Few if any professions I've ever heard of get blanket legal defense from their union or professional association to defend them against their own blanket misconduct. Soldiers for example manage without it.
Do they expect defense from blanket misconduct, or from accusations of misconduct while performing their professional duties? There are plenty of rotten cops, and significant institutional rot in police depts, but it's seems unworkable to suggest that they should be on the hook for legal fees to defend against complaints filed in the line of duty.
Any system that takes seriously legal complaints against police will inevitably have false positives, which means that even a hypothetically-perfect cop who never does anything wrong risks being exposed to legal fees.
> Soldiers for example manage without it.

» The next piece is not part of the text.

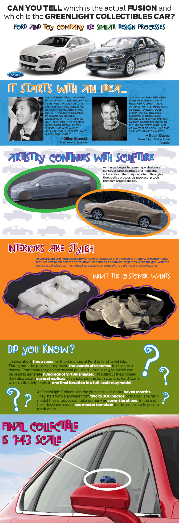 The next infographic we’ll look at compares the actual Ford Fusion and the Greenlight Collectibles car. Can you tell the difference? Toy makers have gotten very good at making toy car replicas look almost identical. This infographic provides a deeper look into how the collectible car is made.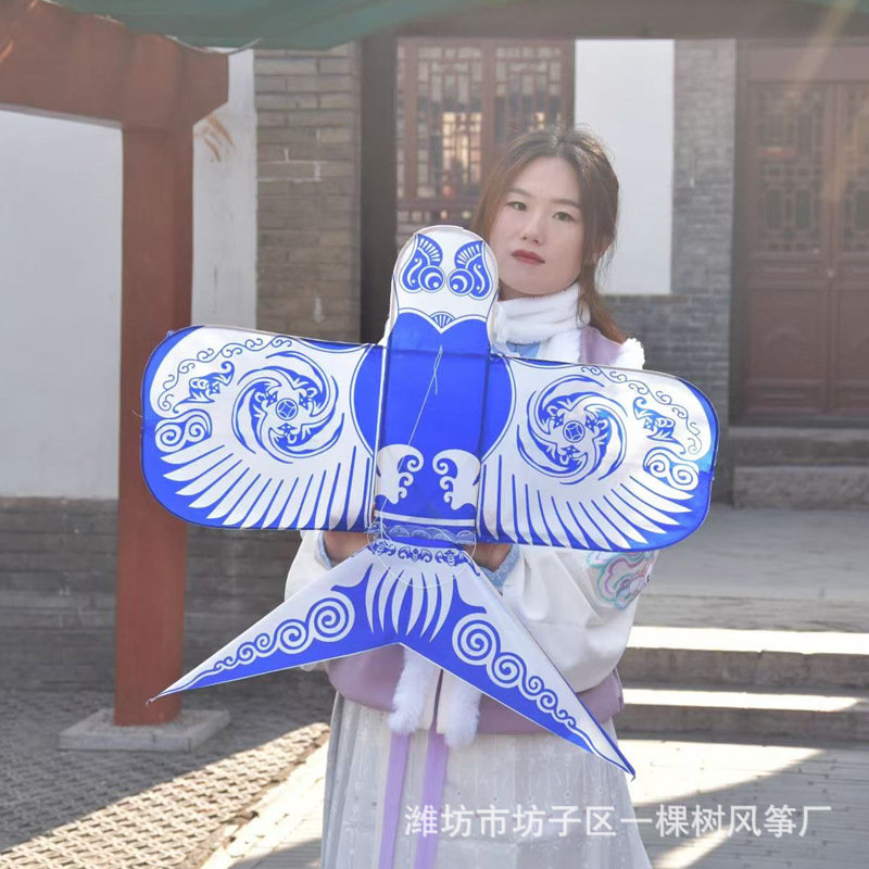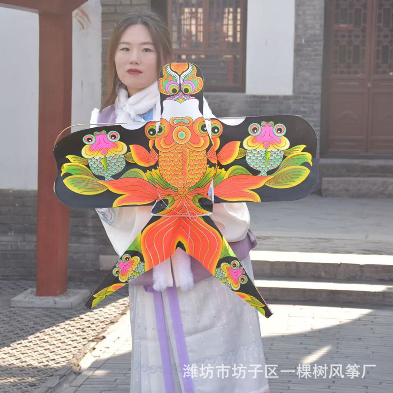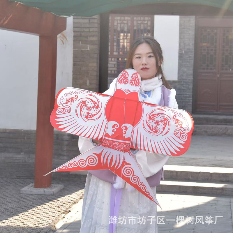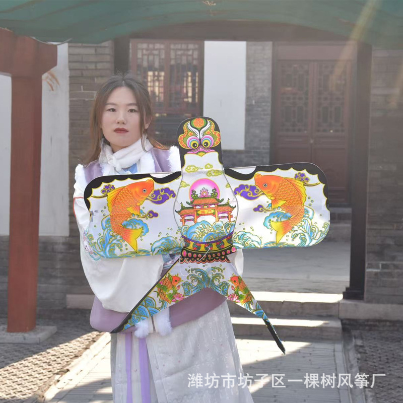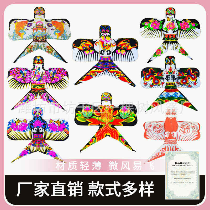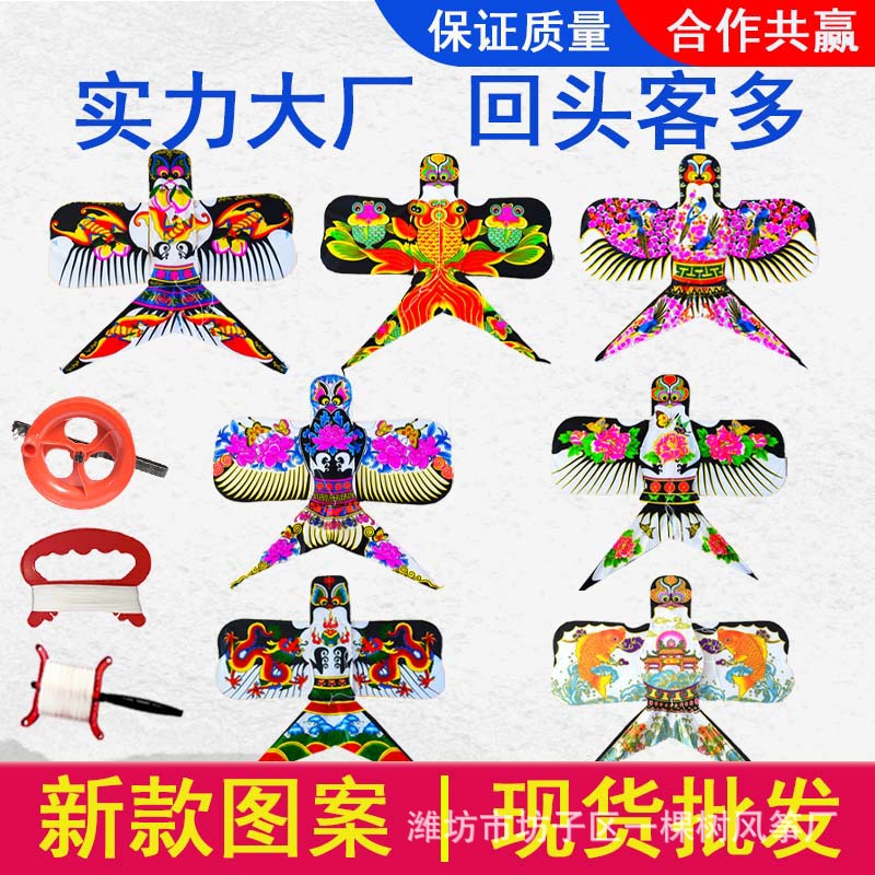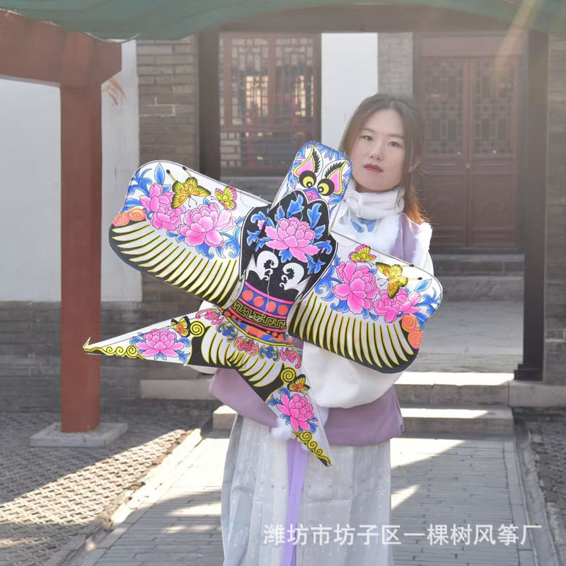 潍坊传统沙燕风筝批发儿童卡通手绘古风纸鸢写真摄影汉服拍照道具

I'm not sure this is a great example; the limiting of rights that soldiers are subject to is pretty despicable IMO; there are plenty of phenomena we'd consider horrific in civil society that have been the norm for thousands of years of military history (hell, the rape problem in the military was treated with as much apathy as the rape problem in _prison_, of course until women started being victims in non-trivial numbers).
We have an even bigger problem facing up to police misconduct in the US and the multiple layers of extra protection police get when something violent happens: (1) time to figure out their story before they are questioned, which normal people don't get, often based on union contracts (2) often cities have contracts to keep misconduct hidden, and we see many of these problem officers with multiple misconduct issues over the years until they finally go a bit too far (3) the supreme court and legal doctrine that sets a very high bar especially for convicting police of malfeasance.